Based on the provided figures, working capital changes have been highly volatile, shifting from a $1.8M inflow in 2025Q4 to a $1.7M outflow in 2025Q2, which suggests that the company's cash management is heavily influenced by timing differences in mining reward liquidations and operational payables.
The erratic nature of these working capital movements may indicate a lack of disciplined cash management or an inability to effectively time the conversion of mined assets into liquid currency.

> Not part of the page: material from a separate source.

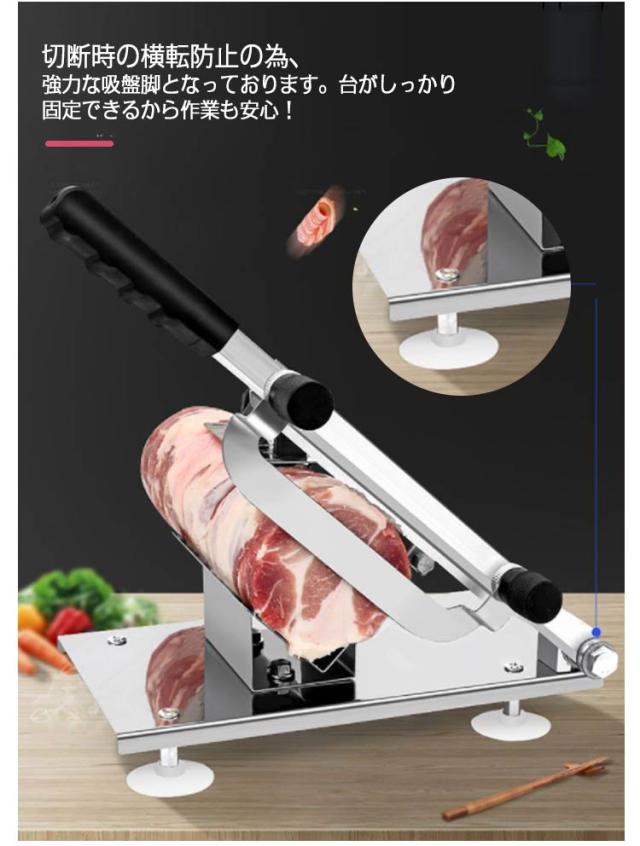 | 手動式ミートスライサー。生ハムをはじめ、ベーコン・しゃぶしゃぶ肉・チャーシュー・すき焼き肉・ソーセージ・ローストビーフ・焼肉・ブロック肉・野菜・パンなどさまざまな食材から冷凍食品までスライスできる。 冷凍肉も切断可能!スライスが苦手という方でもコツいらず固い冷凍肉も簡単に食品をスライスできます。 厚みが選べる!スライスできるサイズは0.3〜8mmと食材に合わせて厚みを変えていただけます。 刃部分はステンレス鋼を使っているので、肉を切る際の摩擦で有害成分が混ざることがない安心仕様! スプリング付きで自動かつ安全に肉を移動できます。食材を押さえるパーツにはトゲがついているので、がっちり固定できて滑りにくいです。 切断時の横転防止の為、強力な吸盤脚となっております。台がしっかり固定できるから作業も安心! ステンレス素材のため錆びにくく、シンプルな設計により丸洗いが可能です。 | |
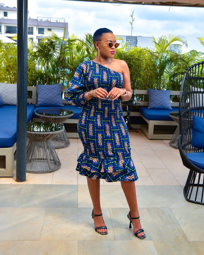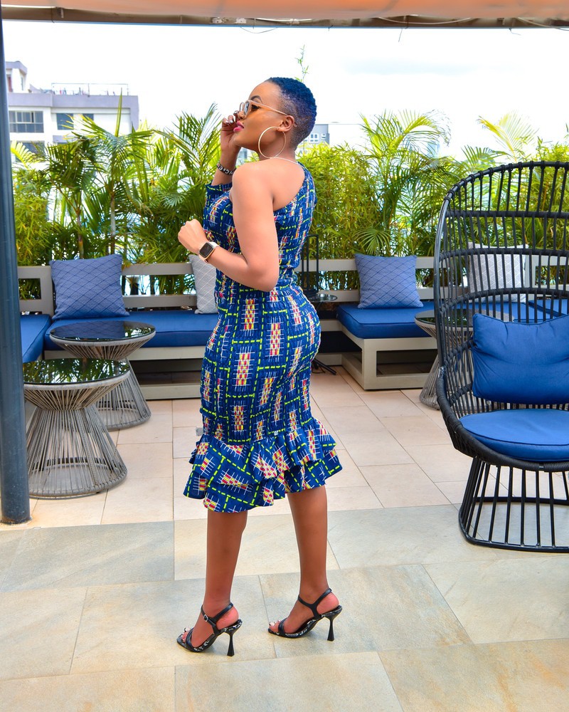 The Adhiambo African print body con dress is sophisticated and elegant and features a one arm off-the-shoulder design and a chic peplum at the bottom, making it perfect for any special occasion. The body con design ensures the dress hugs you in all the right places. Pair it your favorite pair of open high heels and you are good to go.✨ The Adhiambo dress is made in Kenya 🇰🇪 using locally sourced Ankara Fabrics.

This volatility warrants further investigation into the company's internal processes for managing its digital asset inventory and vendor obligations.
Quick answers to the most common questions about buying ABTS stock.
Abits Group Inc. (ABTS) generated $1.4M in net cash from operating activities in 2025. This reflects the cash generated directly from core business operations.
Abits Group Inc. (ABTS) reported negative free cash flow of $2.9M in 2025, indicating capital requirements exceeded cash from operations.
Abits Group Inc. (ABTS) spent $4.3M on capital expenditures in 2025. CapEx represents the cash invested in physical assets like property, plant, and equipment to maintain or grow the business.